My Other Life , the eighth Strangers in Paradise trade paperback, collects the first half of this story arc.

Title: My Other Life (Issues #25-30 of the third series)

Author: Terry Moore.

ISBN: 1-892597-11-X

Buy from: Amazon.com or
Amazon.ca

Premise:

Just as circumstances appear to be improving for Francine, Katchoo, and David, a plane crash jeopardizes the lives of some principal characters, and the criminal pasts of two return to haunt them.

High Points

1. Issue #25 shows Moore at his best. Two weeks after the events depicted in Sanctuary, the characters go to the beach. Nothing much happens, but it’s funny and touching.

2. The story of Patricia nicely illustrates the human dimension of the crash of Flight 495.

Low Points

Moore’s Big Six Five barely worked before. Here, the conspiracy starts to go into overdrive, and it will only get worse in the issues that follow. It barely seemed credible that a bunch of people who act like (and really should have been) mafiaesque criminal conspirators could be managing an Illuminati-level plot.

Veronica only makes the situation worse. She’s supposed to be a cartoony supervillain, Darcy Parker without restraints. The notion of someone who would arrange a plane crash in the hopes that it might kill two people, still functioning as she does defies belief, even in SiP’s world. It also undercuts the more intimate drama. It’s a great example of what the Turkey City Lexicon calls the “Squid on the Mantelpiece.” To quote, “it’s hard to properly dramatize, say, the domestic effects of Dad’s bank overdraft when a giant writhing kraken is levelling the city.”

The Scores

Originality: 3/6.

Artwork: 4/6. Moore’s art here perfectly reflects the strengths and weaknesses of his storytelling. He still handles character well, fine moments of conversation and bizarre dream sequences. The drawings of the plane crash aren’t all that effective.

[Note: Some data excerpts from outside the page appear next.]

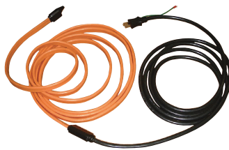
融雪や凍結防止、 温度管理等の用途で使用できます。

半導性チタン酸バリウムの PTC 効果とプラスチック断熱材を複合化することで、従来の樹脂系 PTC ヒーターでは実現できなかった、長尺で柔軟性のある自己出力制御型ヒーターを開発しました。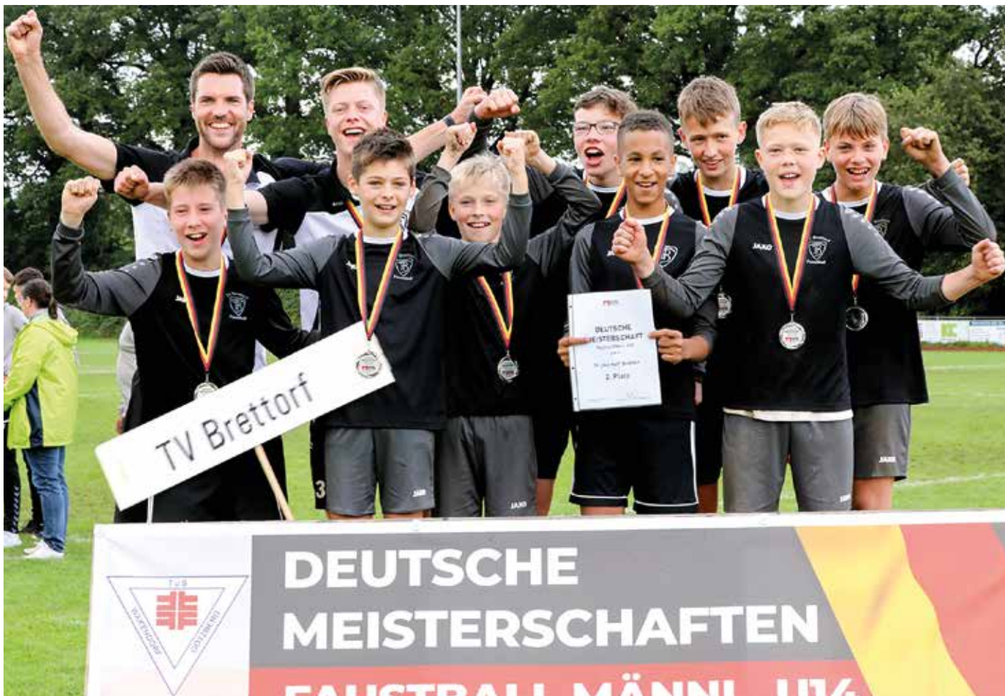
Erfolg für die Brettorfer Jungs: Deutscher Vizemeister der männlichen U14.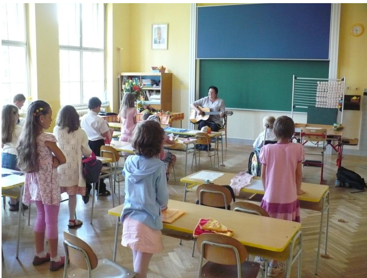
Slavnostní zakončení školního roku 2010 -2011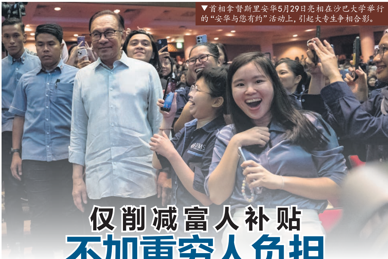
▼首相拿督斯里安华5月29日亮相在沙巴大学举行的“安华与您有约”活动上，引起大专生争相合影。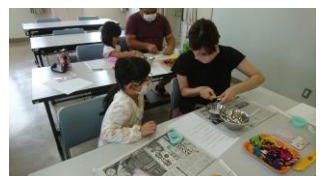
親子でアイテム作り

Story: 4/6 The story’s internal logic deteriorates in the second half.

Characterization: 5/6. Tambi asks of Katchoo, “Who is this starving artist David talks about?… Can this be the same woman who once ran the world’s most powerful empire from the wings?” The fact is, I don’t see how it can be, either. This won’t become a major problem, however, until the second half of this arc.

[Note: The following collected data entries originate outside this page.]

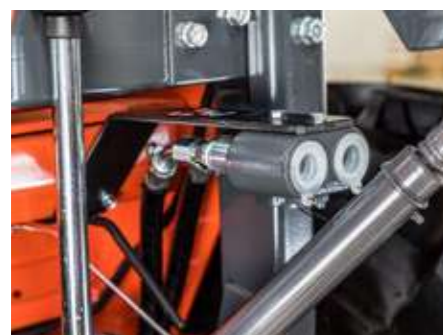
* Distributeur arrière simple effet

Le relevage arrière permet d'ouvrir de nombreuses possibilités d'utilisation de combinaisons d'outils différentes. En cas de besoin, les bras de levage peuvent être repliés vers le haut, par exemple pour augmenter la garde au sol.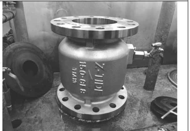
照片 F：測試樣品外觀 (DN150)BFF-150

此報告是本公司依照背面所印之通用服務條款所簽發，此條款可在本公司網站 http://www.sgs.com.tw/Terms-and-Conditions 閱覽，凡電子文件之格式依 http://www.sgs.com.tw/Terms-and-Conditions 之電子文件期限與條件處理。請注意條款有關於責任、賠償之限制及管轄權的約定。任何持有此文件者，請注意本公司製作之結果報告書將僅反映執行時所紀錄且於接受指示範圍內之事實。本公司僅對客戶負責，此文件不妨礙當事人在交易上權利之行使或義務之免除。未經本公司事先書面同意，此報告不可部份複製。任何未經授權的變更、偽造、或曲解本報告所顯示之內容，皆為不合法，違犯者可能遭受法律上最嚴厲之追訴。除非另有說明，此報告結果僅對測試之樣品負責。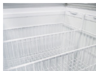
Baskets for ice cream / Canastas para helados preparados.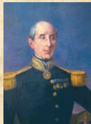
(6) Almirante Manuel Blanco Encalada. Era un eximio marino. Durante la campaña a Chile condujo con brillantez a la Artillería patriota.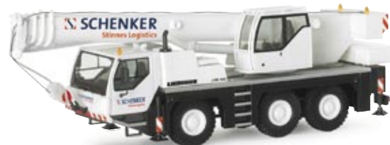
153881 | Liebherr Mobilkran LTM 1045/1 "Schenker" Liebherr mobile crane LTM 1045/1 www.herpa.de?153881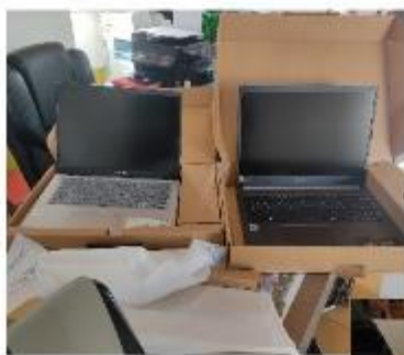
EQUIPOS ÀREA ADMINISTRATIVA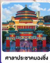
ศาลาประชาคมฉงชิ่ง

Other moments– the football game, for example, give us fascinating glimpses into the characters’ inner lives.

Emotional response: 4/6. These issues contain many fine moments.

Moore can be very funny, and the satire of contemporary news has potential. Unfortunately, he overdoes it, and it clashes awkwardly with the seriousness of the scene. I understand the point he is trying to make, but in terms of dramatic impact, it’s misplaced.

Flow 5/6.

Overall: 4/6.

In total, My Other Life 29/42.

Notes

Moore handles continuity well, though an interesting false start becomes apparent in these issues. We’ve known for some time that Francine’s future husband will be named Brad. In Sanctuary, she meets an unseen man by that name. In My Other Life, she meets the definitive Brad Silver. Was this an error on his part, or a deliberate red herring?

Randy Jackson, who reviewed this earlier at Four Color Explosion and stopped reading with this story arc, has elsewhere summed up what I want to say:

I found Francine and Katchoo a hundred times more interesting. So all the intrigue, murder, explosions and double-dealing were just getting in the way of a good story, much like a Hollywood movie that’s pretty decent three quarters of the way through that suddenly descends into chase scenes and gunfights when the premise of the movie shouldn’t have taken it anywhere near chase scenes and gunfights.

The Timeshredder’s reviews may be found here.

One reply

  1. 109 minutes actually
    I just did an experiment by building a real countdown clock

    What i noticed and its revealed in this episode that its actually 109 minutes of countdown

    The first time they enter the code in by themselves the clock resets

    it then goes back to 108:00

    a few moments go by and then it reshows the clock eventually moving from 108:00 to 107:00

    The clock only shows the minutes during the final 4:00

    So in effect the starting time is 108:59 but only shows to be 108:00

    Now considering the numbers add up to 108 – is this noteworthy that the clock isnt 108 minutes?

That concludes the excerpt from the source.